Referee Ed Hochuli blew his whistle when the ball came out, ruling it an incomplete pass. A review showed that it should have been ruled a fumble. Instant replay rules, however, don't allow the opponent to gain possession in such situations.
"All we can do to fix it is put the ball at the spot that it hit the ground, which is why we moved it back to the 10-yard line and the down counts and it becomes third down," Hochuli said afterward.
That explanation wasn't good enough for Chargers coach Norv Turner.
"On the last play, it was clearly a fumble," Turner fumed. "Ed came over, the official, and said he blew it. And that's not acceptable to me. This is a high-level performance game and that's not acceptable to have a game decided on that play."
The call the Broncos wanted to talk about wasn't the referee's but their coach's.
"You don't play this game to tie," fullback Michael Pittman said. "You play this game to win."
Two plays after his fumble was overruled, Cutler hit Royal from 4 yards to make it 38-37.
With 75,000-plus fans at Invesco Field holding their breath, Cutler again found Royal in the end zone for the winner on the exact same route, his dart splitting three defenders.
The rookie who caught nine passes for 146 yards in Brandon Marshall's absence a week earlier, cradled the winner in his gut, avoiding safety Clinton Hart but not the thrilled teammates who piled on in celebration.
The Broncos actually made the call to go for 2 long before they scored.

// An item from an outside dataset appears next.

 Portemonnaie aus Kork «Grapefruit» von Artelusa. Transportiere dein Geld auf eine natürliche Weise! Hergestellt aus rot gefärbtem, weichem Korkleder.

When the drive began at their 20, Cutler went into the huddle and told his teammates they were going to go for 2 if they reached the end zone.
"That was all he had to say. We had all the confidence that we could do that," Royal said.

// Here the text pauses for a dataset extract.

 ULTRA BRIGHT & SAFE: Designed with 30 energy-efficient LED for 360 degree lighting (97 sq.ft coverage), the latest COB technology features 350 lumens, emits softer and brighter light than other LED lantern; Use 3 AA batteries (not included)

And with luck and calls going their way, why not?
Denver also benefited from a twist of fate in the first quarter, when the replay booth's machinery malfunctioned, preventing the officials from being able to overturn a San Diego fumble that led to Denver's first touchdown.
TV replays, which the crew didn't have access to, showed Chris Chambers' left elbow on the grass while he cradled a reception in his right arm as Champ Bailey was trying to strip it away. Hochuli waited the required 2 minutes, then ruled that the call on the field stood, giving Denver possession at the Chargers 29.

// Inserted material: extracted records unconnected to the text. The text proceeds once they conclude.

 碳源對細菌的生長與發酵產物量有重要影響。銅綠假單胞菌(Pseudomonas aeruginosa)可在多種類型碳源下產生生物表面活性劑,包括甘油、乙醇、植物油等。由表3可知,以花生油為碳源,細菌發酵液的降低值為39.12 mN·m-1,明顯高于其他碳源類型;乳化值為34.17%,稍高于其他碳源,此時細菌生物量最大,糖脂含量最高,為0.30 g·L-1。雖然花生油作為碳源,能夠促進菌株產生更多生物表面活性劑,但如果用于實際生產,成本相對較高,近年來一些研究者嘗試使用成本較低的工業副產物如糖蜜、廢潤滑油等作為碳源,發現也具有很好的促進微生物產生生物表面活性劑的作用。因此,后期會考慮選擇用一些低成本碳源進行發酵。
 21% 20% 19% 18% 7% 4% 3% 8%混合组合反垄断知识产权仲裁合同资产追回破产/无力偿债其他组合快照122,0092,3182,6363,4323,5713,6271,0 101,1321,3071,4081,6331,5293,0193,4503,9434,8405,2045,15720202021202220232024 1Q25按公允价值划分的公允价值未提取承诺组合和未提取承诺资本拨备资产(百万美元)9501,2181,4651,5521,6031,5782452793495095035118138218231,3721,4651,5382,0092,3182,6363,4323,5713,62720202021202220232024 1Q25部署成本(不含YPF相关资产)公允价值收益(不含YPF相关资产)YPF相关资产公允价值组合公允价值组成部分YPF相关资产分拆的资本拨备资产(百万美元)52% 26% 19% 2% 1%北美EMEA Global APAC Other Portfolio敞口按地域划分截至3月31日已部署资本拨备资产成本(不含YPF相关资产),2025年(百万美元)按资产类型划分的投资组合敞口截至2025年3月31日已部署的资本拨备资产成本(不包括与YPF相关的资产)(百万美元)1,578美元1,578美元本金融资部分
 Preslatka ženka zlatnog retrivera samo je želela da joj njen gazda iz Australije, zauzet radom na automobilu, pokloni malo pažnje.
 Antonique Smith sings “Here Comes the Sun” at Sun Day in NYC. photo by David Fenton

San Diego wasn't charged a timeout, and the Broncos capitalized with Pittman's 1-yard TD dive.
After Denver went ahead on Royal's 2-pointer, the Chargers had one last chance but Philip Rivers' desperation heave into the end zone missed Chambers, who had four catches for 83 yards and two touchdowns.
Cutler completed 36 of 50 passes for a career-best 350 yards and four TDs and enjoyed the return of Marshall, who set a franchise record with 18 catches for 166 yards in a magnificent return from his one-game suspension.
Marshall's receptions were two shy of Terrell Owens' NFL record of 20 set for San Francisco against Chicago earlier this decade.
With LaDainian Tomlinson slowed by a jammed right big toe, his backup, Darren Sproles had a career day, piling up 317 all-purpose yards on 14 touches, including a 103-yard kickoff return for a touchdown in the first half and a 66-yard catch-and-run for the go-ahead score with 4:22 remaining.
Sproles took a short pass from Rivers, who threw for 377 yards and three TDs, and raced through the Broncos' befuddled defense to put the Chargers on top 36-31. Legedu Naanee's catch for the 2-point conversion made it 38-31.
That came three plays after Cutler's only big mistake of the game — that counted, at least.
The Broncos were heading in for a score when rookie cornerback Antoine Cason intercepted Cutler's pass in the end zone, setting up Sproles' 66-yard jaunt that the Chargers still swear should have iced it.<
Notes:@ According to STATS Inc., seven teams have gone for 2 when down by a point inside the 2-minute warning of the fourth quarter since the 2-point conversion was instituted in 1994. Three of those were successful.